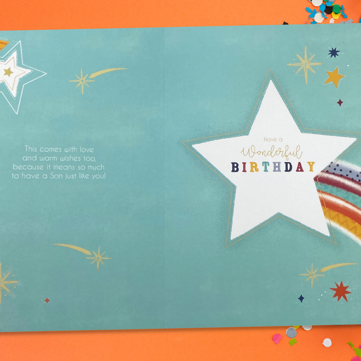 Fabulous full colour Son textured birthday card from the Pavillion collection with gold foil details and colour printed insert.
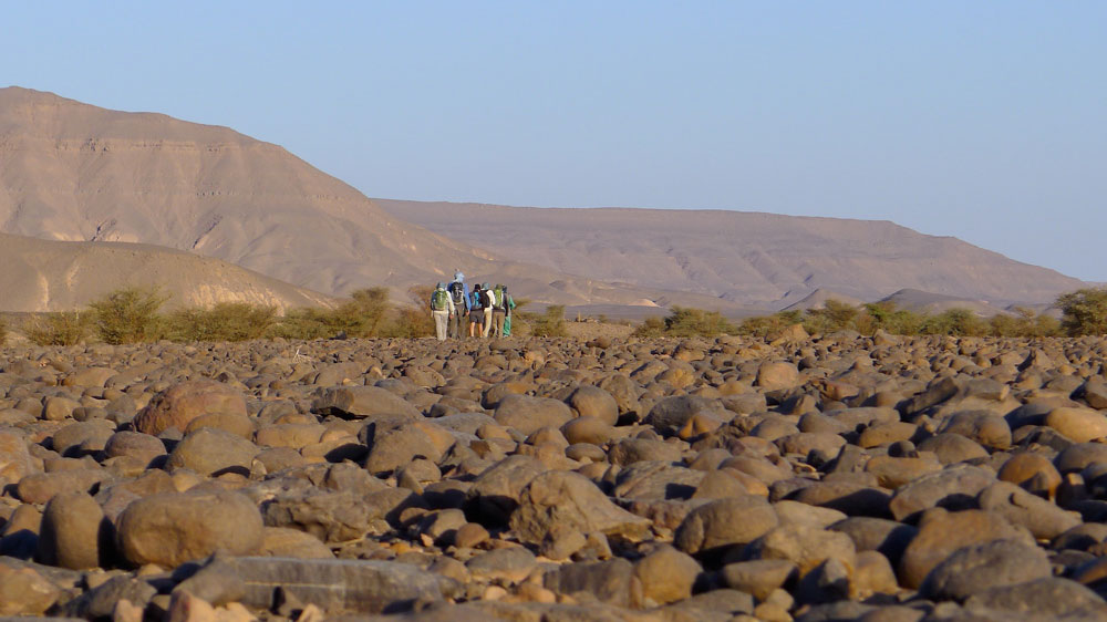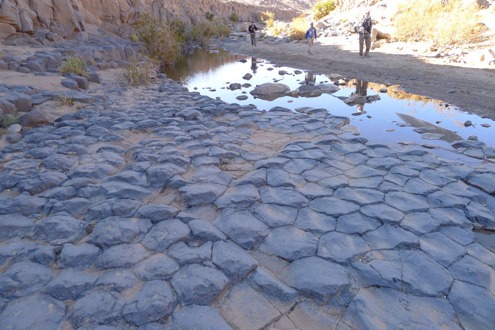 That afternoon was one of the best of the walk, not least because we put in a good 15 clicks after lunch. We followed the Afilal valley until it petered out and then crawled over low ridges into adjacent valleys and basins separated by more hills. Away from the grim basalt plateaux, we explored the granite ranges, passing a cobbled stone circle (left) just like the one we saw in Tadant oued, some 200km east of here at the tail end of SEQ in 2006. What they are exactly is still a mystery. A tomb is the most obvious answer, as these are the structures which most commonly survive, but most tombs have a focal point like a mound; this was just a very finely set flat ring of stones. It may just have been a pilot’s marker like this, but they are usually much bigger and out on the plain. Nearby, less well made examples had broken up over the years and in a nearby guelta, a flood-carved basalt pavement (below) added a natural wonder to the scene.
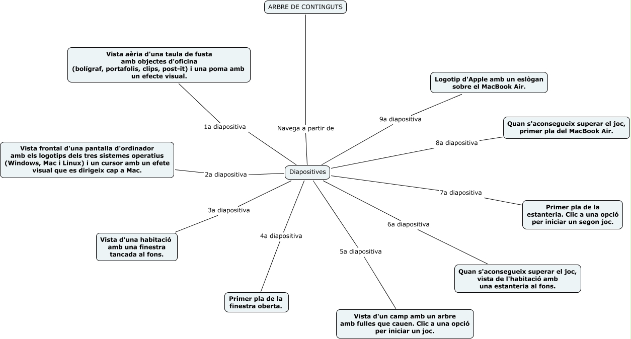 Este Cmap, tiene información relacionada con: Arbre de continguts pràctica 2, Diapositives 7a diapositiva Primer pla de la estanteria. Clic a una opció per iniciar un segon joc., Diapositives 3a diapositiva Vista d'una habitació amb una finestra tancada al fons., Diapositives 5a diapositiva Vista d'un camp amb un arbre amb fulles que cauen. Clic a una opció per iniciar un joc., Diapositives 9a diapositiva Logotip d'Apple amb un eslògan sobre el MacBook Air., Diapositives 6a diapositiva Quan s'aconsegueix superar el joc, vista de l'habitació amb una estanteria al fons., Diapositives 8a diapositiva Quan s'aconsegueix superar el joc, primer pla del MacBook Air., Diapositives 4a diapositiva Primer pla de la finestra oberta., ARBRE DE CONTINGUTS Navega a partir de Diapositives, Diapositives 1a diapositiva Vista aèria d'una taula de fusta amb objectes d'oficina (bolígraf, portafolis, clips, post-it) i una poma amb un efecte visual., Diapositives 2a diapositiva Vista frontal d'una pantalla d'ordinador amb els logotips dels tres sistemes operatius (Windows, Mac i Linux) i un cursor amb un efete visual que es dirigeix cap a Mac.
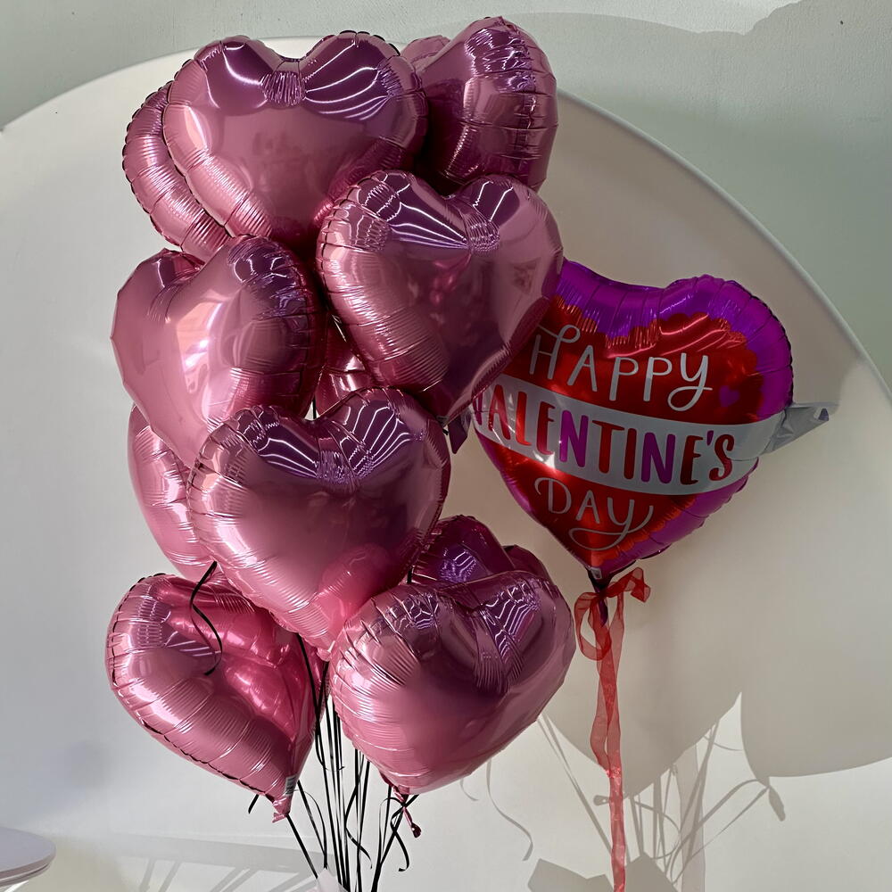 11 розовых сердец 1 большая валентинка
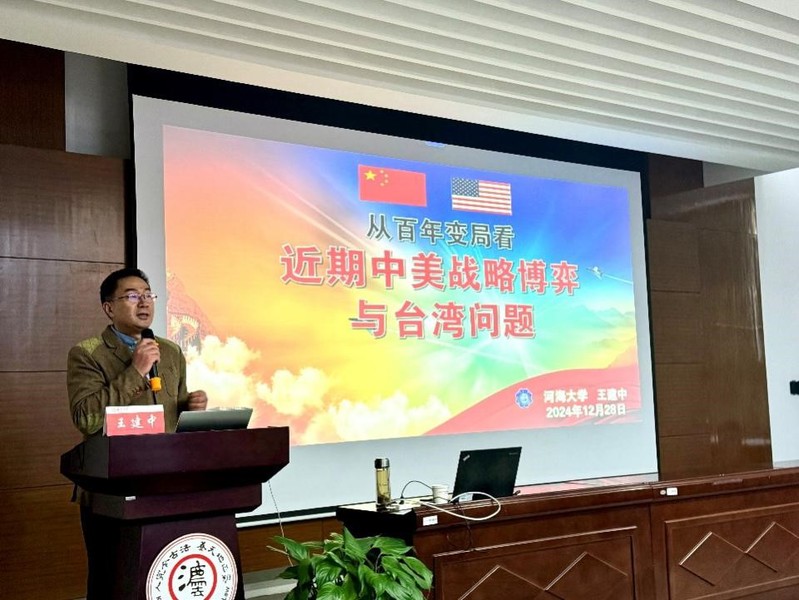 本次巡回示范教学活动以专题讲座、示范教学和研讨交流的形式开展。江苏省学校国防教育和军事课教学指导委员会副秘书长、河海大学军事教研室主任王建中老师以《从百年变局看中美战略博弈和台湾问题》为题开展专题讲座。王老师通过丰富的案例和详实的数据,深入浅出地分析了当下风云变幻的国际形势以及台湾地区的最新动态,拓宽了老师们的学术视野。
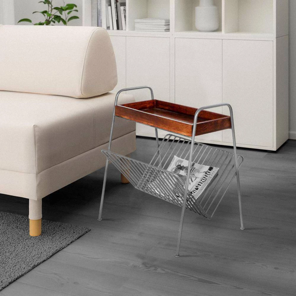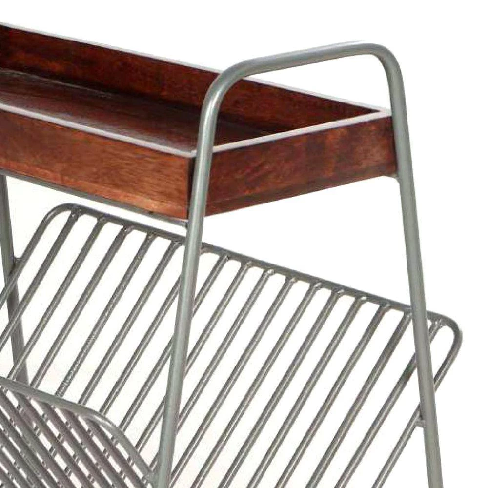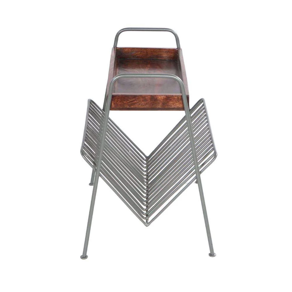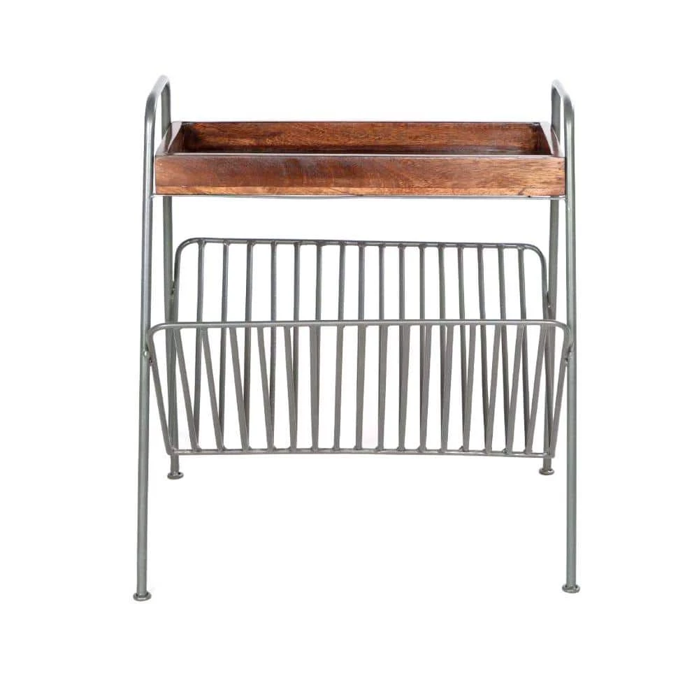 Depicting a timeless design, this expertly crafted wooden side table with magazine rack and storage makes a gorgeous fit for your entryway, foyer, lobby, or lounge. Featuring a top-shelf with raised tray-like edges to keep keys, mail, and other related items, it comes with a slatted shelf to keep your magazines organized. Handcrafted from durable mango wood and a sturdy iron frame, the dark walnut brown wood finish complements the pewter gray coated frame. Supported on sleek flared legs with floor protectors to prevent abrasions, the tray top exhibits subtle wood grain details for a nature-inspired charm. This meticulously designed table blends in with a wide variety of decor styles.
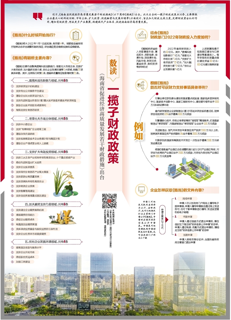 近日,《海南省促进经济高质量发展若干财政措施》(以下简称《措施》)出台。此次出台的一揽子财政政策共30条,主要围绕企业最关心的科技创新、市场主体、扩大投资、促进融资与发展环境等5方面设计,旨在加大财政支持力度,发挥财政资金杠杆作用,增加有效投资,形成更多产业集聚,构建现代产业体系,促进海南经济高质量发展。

### Try it
Could the data above be copied out exactly, with no pictures kept?

### Answer area
 Fabulous full colour Son textured birthday card from the Pavillion collection with gold foil details and colour printed insert.
 That afternoon was one of the best of the walk, not least because we put in a good 15 clicks after lunch. We followed the Afilal valley until it petered out and then crawled over low ridges into adjacent valleys and basins separated by more hills. Away from the grim basalt plateaux, we explored the granite ranges, passing a cobbled stone circle (left) just like the one we saw in Tadant oued, some 200km east of here at the tail end of SEQ in 2006. What they are exactly is still a mystery. A tomb is the most obvious answer, as these are the structures which most commonly survive, but most tombs have a focal point like a mound; this was just a very finely set flat ring of stones. It may just have been a pilot’s marker like this, but they are usually much bigger and out on the plain. Nearby, less well made examples had broken up over the years and in a nearby guelta, a flood-carved basalt pavement (below) added a natural wonder to the scene.
 Este Cmap, tiene información relacionada con: Arbre de continguts pràctica 2, Diapositives 7a diapositiva Primer pla de la estanteria. Clic a una opció per iniciar un segon joc., Diapositives 3a diapositiva Vista d'una habitació amb una finestra tancada al fons., Diapositives 5a diapositiva Vista d'un camp amb un arbre amb fulles que cauen. Clic a una opció per iniciar un joc., Diapositives 9a diapositiva Logotip d'Apple amb un eslògan sobre el MacBook Air., Diapositives 6a diapositiva Quan s'aconsegueix superar el joc, vista de l'habitació amb una estanteria al fons., Diapositives 8a diapositiva Quan s'aconsegueix superar el joc, primer pla del MacBook Air., Diapositives 4a diapositiva Primer pla de la finestra oberta., ARBRE DE CONTINGUTS Navega a partir de Diapositives, Diapositives 1a diapositiva Vista aèria d'una taula de fusta amb objectes d'oficina (bolígraf, portafolis, clips, post-it) i una poma amb un efecte visual., Diapositives 2a diapositiva Vista frontal d'una pantalla d'ordinador amb els logotips dels tres sistemes operatius (Windows, Mac i Linux) i un cursor amb un efete visual que es dirigeix cap a Mac.
 11 розовых сердец 1 большая валентинка
 本次巡回示范教学活动以专题讲座、示范教学和研讨交流的形式开展。江苏省学校国防教育和军事课教学指导委员会副秘书长、河海大学军事教研室主任王建中老师以《从百年变局看中美战略博弈和台湾问题》为题开展专题讲座。王老师通过丰富的案例和详实的数据,深入浅出地分析了当下风云变幻的国际形势以及台湾地区的最新动态,拓宽了老师们的学术视野。
 Depicting a timeless design, this expertly crafted wooden side table with magazine rack and storage makes a gorgeous fit for your entryway, foyer, lobby, or lounge. Featuring a top-shelf with raised tray-like edges to keep keys, mail, and other related items, it comes with a slatted shelf to keep your magazines organized. Handcrafted from durable mango wood and a sturdy iron frame, the dark walnut brown wood finish complements the pewter gray coated frame. Supported on sleek flared legs with floor protectors to prevent abrasions, the tray top exhibits subtle wood grain details for a nature-inspired charm. This meticulously designed table blends in with a wide variety of decor styles.
 近日,《海南省促进经济高质量发展若干财政措施》(以下简称《措施》)出台。此次出台的一揽子财政政策共30条,主要围绕企业最关心的科技创新、市场主体、扩大投资、促进融资与发展环境等5方面设计,旨在加大财政支持力度,发挥财政资金杠杆作用,增加有效投资,形成更多产业集聚,构建现代产业体系,促进海南经济高质量发展。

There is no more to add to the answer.